Chaque fois que, quelque part dans le monde, l’Église, des croyants, partagent le désir des hommes d’une vie comblée, d’une existence plus humaine et plus heureuse, chaque fois que, quelque part, l’Église, des croyants prennent à bras le corps l’aspiration à plus de justice et plus d’humanité, chaque fois que, parce que quelque part, l’Église, les croyants au coude à coude avec d’autres, permettent à l’homme de ne pas désespérer de l’homme, chaque fois est rendu manifeste le désir de Dieu de se mettre à table avec les hommes. Car si au début du récit tout apparaît d’abord comme une épreuve – où trouver du pain pour tant de monde ? - lorsque les disciples, fidèles à l’ordre du Maître, ont fait asseoir la foule, le récit change de ton : tout semble devenir liturgie. Les mots sont alors ceux que nous entendons en chaque eucharistie : « il prit le pain, il rendit grâce et le distribua ». Un mystère est évoqué : le geste annonce quelque chose de plus grand.
Tout geste qui manifeste que l’Église partage le pain des hommes est porteur de plus que lui-même : il annonce et préfigure ce que Dieu veut pour tous les hommes. L’indigence du partage devient elle-même le lieu d’avènement de la Bonne Nouvelle. Il n’y avait que cinq pains et, au terme du récit, après le repas, on ramassa cependant encore douze corbeilles.
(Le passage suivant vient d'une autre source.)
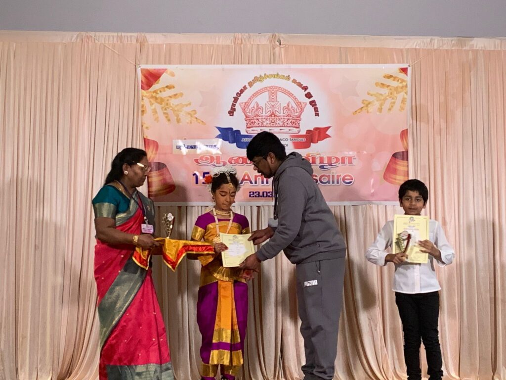 வெற்றி பெற்ற மாணவர்களுக்கு பரிசில்கள் வழங்கி வைத்தார். தமிழ்ச்சோலை ஆசிரியர்கள் மதிப்பளிக்கப்பட்டனர். வளர்நிலை அதிதிறன் பெற்ற மாணவர்கள், மற்றும் திருக்குறள் போட்டியில் வெற்றி பெற்ற மாணவர்கள் மதிப்பளிக்கப்பட்டனர் . தமிழ்ச் சோலை மாணவர்கள், ஆசிரியர்கள் ஆக்கங்கள் கொண்ட மலர் வெளியிட்டு வைக்கப்பட்டது. அனைத்து மாணவர்கள் பெற்றோர் அந்நகர மக்கள் இரவு 9.00 மணிவரை இருந்து 15 ஆண்டு தமிழ்ச்சோலை நிகழ்வை சிறப்பித்திருந்தனர் குறிப்பிடத்தக்கது.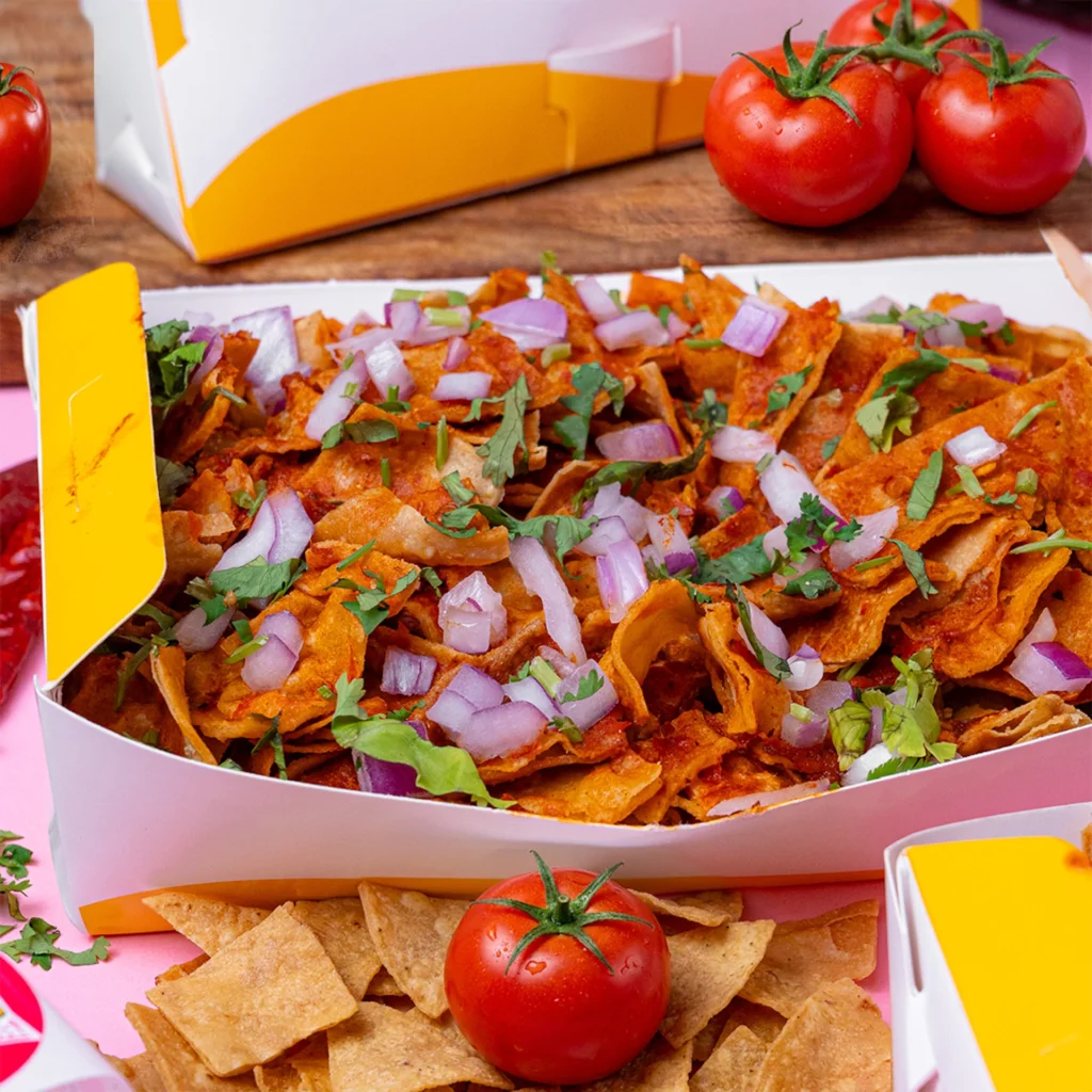 Medio litro de chilaquiles con nuestra salsa tomatera (de la que no pica), cilantro, cebolla y su crema a parte.

« On mangera et il en restera ». La promesse ravive notre engagement, la foi est provocation : la Bonne Nouvelle reçue appelle à faire la vérité de ce qui a été accueilli. Nous ferions mentir l’eucharistie si l’action de grâce pour le pain reçu n’ouvrait sur notre engagement à partager le pain : toute eucharistie est pour une vie eucharistique. Faisant mémoire du geste du Serviteur rompant le pain en signe de sa vie livrée totalement nous recevons une fois de plus l’ordre du Maître : « Faites-les asseoir pour que je leur donne à manger ».
« On mangera et il en restera ». Mais en attendant, les douze paniers sont encore en nos mains.